» To do
Return the data exactly, apart from leaving out the pictures.

Provided data Block Start

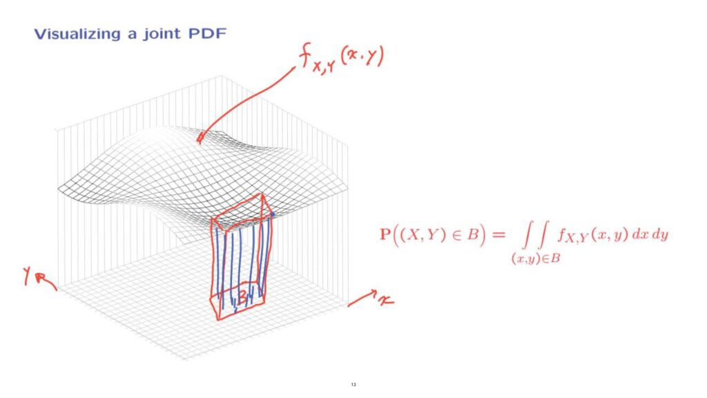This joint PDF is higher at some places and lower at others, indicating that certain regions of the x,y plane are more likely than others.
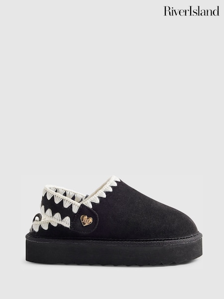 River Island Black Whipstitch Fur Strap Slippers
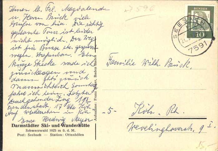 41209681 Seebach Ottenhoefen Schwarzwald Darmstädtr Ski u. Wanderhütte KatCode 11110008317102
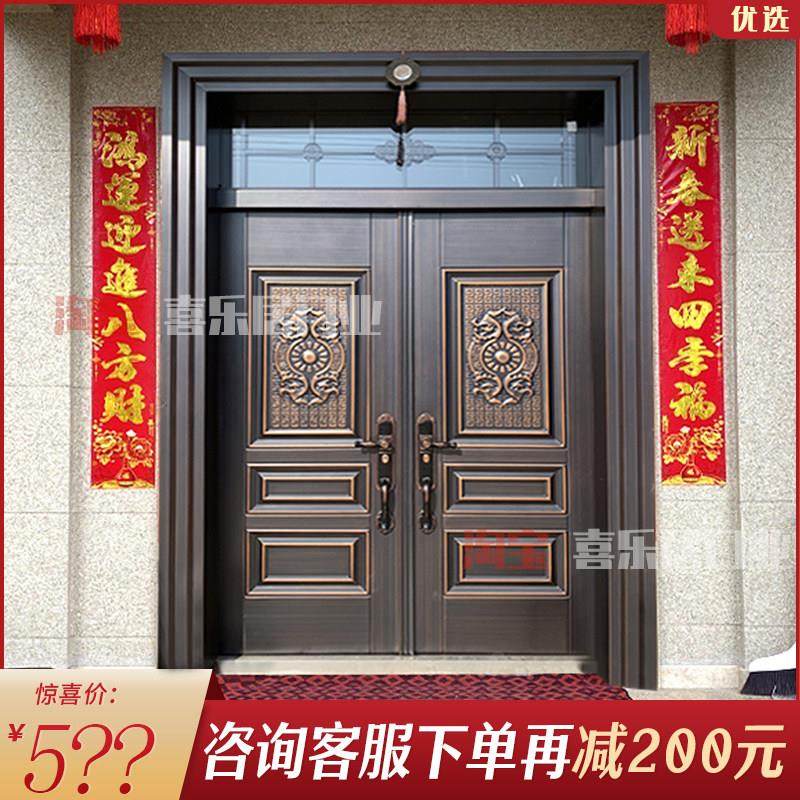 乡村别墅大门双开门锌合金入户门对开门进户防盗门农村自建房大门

Provided data Block End

» Response to this task
This joint PDF is higher at some places and lower at others, indicating that certain regions of the x,y plane are more likely than others.
 River Island Black Whipstitch Fur Strap Slippers
 41209681 Seebach Ottenhoefen Schwarzwald Darmstädtr Ski u. Wanderhütte KatCode 11110008317102
 乡村别墅大门双开门锌合金入户门对开门进户防盗门农村自建房大门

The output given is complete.